Ya ben bu şehri nasıl anlatırım bilmiyorum. Nedenini bilmediğim bir şekilde çok sevdim bu ortaçağdan kalma İskoç şehrini. 50.000 kişilik nüfusu ile gez gez bitmeyen tarihi mekanlarıyla eğer gidilebilirse bir çok alan sunuyor kendisi.
Waverley Train Station'da Deborah ve Erika ile buluşup trene atlayıp geldik Strling'e. Yoğun bir program ve soğuk hava bizi bekliyordu. Trenden inince önce şehir merkezinde tur atmaya başladık. Daha önce dediğim gibi, İskoçya'da her şehir birbirine benziyor. Stirling de bu kuralı bozmamış.
Çok sakin, az insan, az araba, bol yeşillik ve bol temiz havanın bulunduğu bu şehri acele etmeden turlarken çok tatlı bir dükkanla karşılaştık: Tinsel&Tartan Handmade Scottish Souvenirs.

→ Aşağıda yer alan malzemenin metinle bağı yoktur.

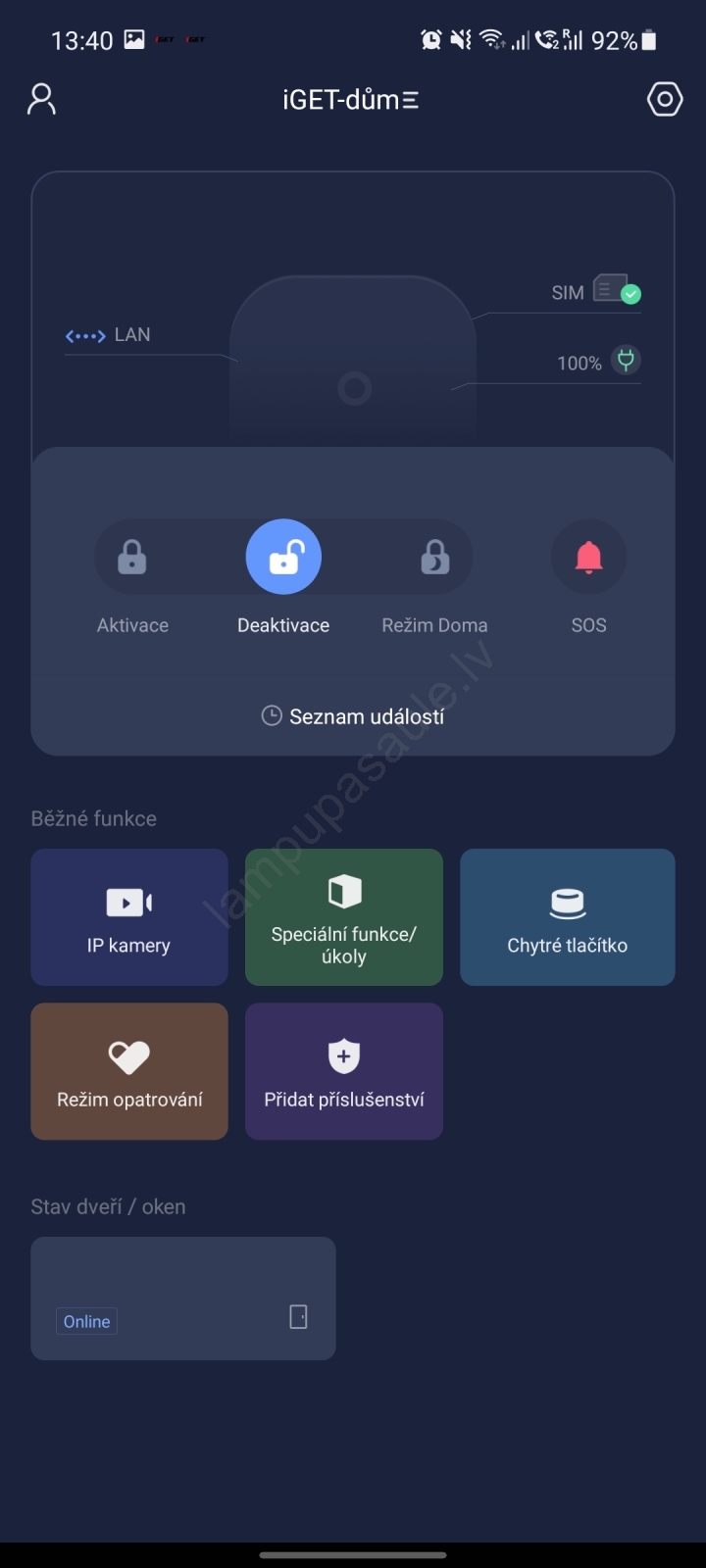 • Funkcija Gatavs aktivēšanai – pārbauda aizvērtus logus un durvis, aktivējot signalizāciju; brīdina par tām, kas palikušas atvērtas.
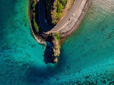 Aerial view of Mauritius island with beautiful lagoon
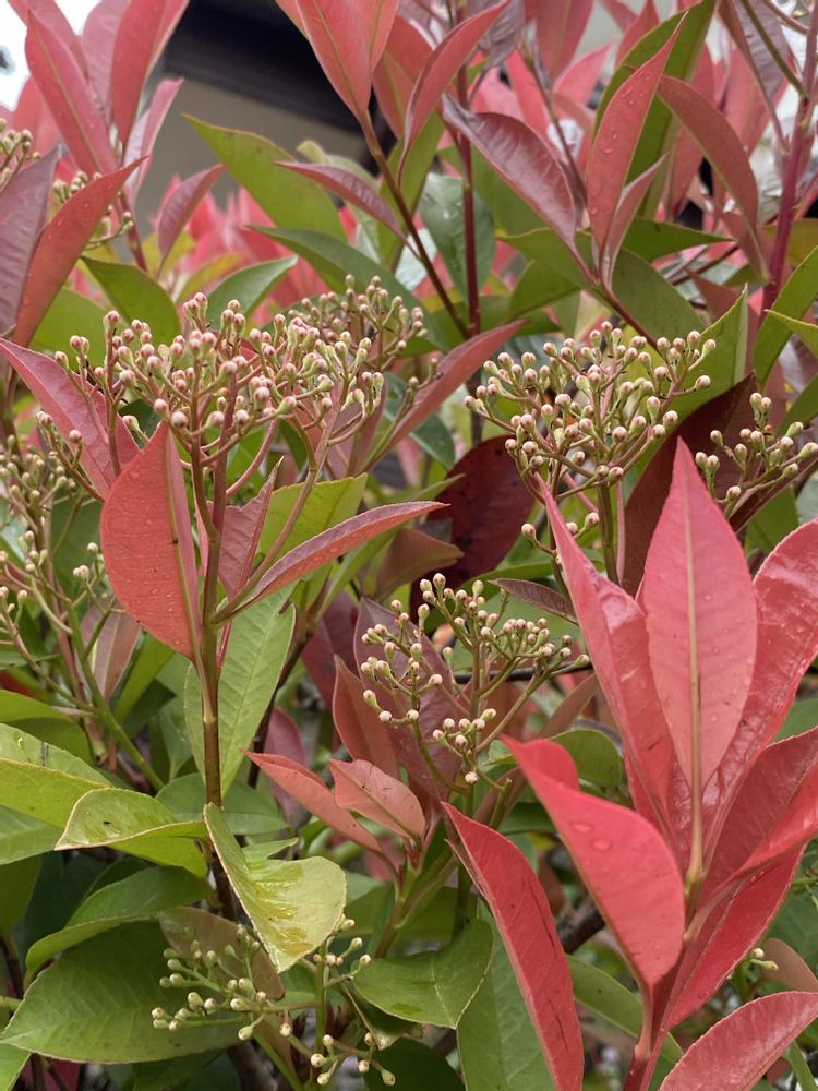 カナメモチの他に庭木のクロガネモチやサザンカ、マサキなどがあるので、毎日お掃除で明け暮れです。
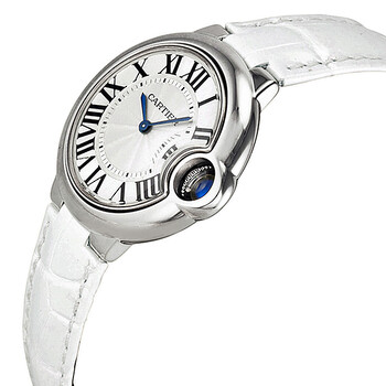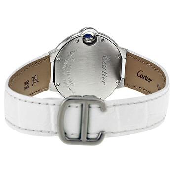 Stainless steel case with a white alligator leather strap. Fixed stainless steel bezel. Silvered opaline dial with blue sword-shaped hands and Roman numeral hour markers. Minute markers around an inner ring. Dial Type: Analog. Cartier Calibre 057 quartz movement. Scratch resistant sapphire crystal. Fluted crown set with a blue spinel cabochon. Solid case back. Case size: 33 mm. Case thickness: 9.96 mm. Round case shape. Band width: 20 mm. Deployment clasp with a push button release. Water resistant at 30 meters / 100 feet. Functions: hour, minute. Luxury watch style. Watch label: Swiss Made. Cartier Ballon Bleu Silver Dial Ladies Watch W6920086.
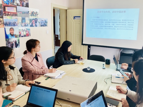 11月28日上午,国际交流处(港澳台办公室)党支部开展学习贯彻党的二十大精神专题党课,由党支部书记欧阳美和主讲,支部全体党员和入党积极分子参加。
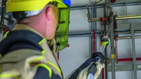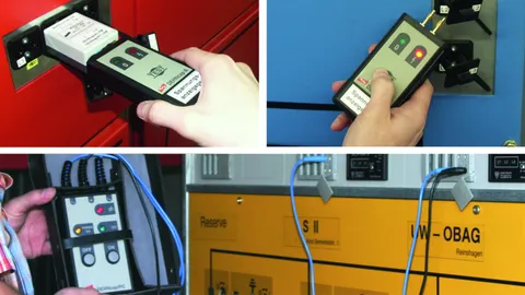 Sicherheitsgeräte wie: Betätigungsstangen, Sperrelemente, Spannungsprüfer, Erdungs- und Kurzschließvorrichtungen und isol. Schutzplatten zum Arbeiten nach den fünf Sicherheitsregeln.

Bu küçücük dükkanın içersindeki hediyelik eşya çokluğu hepimizin gözlerinden kalpleri fışkırttı.
Deborah yanında kaldığı aile için hediyelerini aldıktan sonra oradan çıkıp yürüyerek Stirling Smith Art Gallery and Museum'a vardık.
1874'teki kuruluşundan bu yana Stirling tarihinde çok özel bir rol oynayan müze, sanatçı Thomas Stuart Smith'in (1815-1869) vasiyetiyle Stirling Belediyesi tarafından sağlanan arazide kurulmuş. Müze ve kütüphane okuma salonuyla birlikte ağırlıklı olarak çağdaş sanat galerisi olarak hizmet vermesinin yanı sıra Stirling bölgesi için bir galeri, müze ve kültür merkezi olarak da kullanılıyor. Stirlingshire'ın tarihi eserleri ve resimlerinin yanı sıra çağdaş sanatçılara da sergi fırsatları sunmaktaymış.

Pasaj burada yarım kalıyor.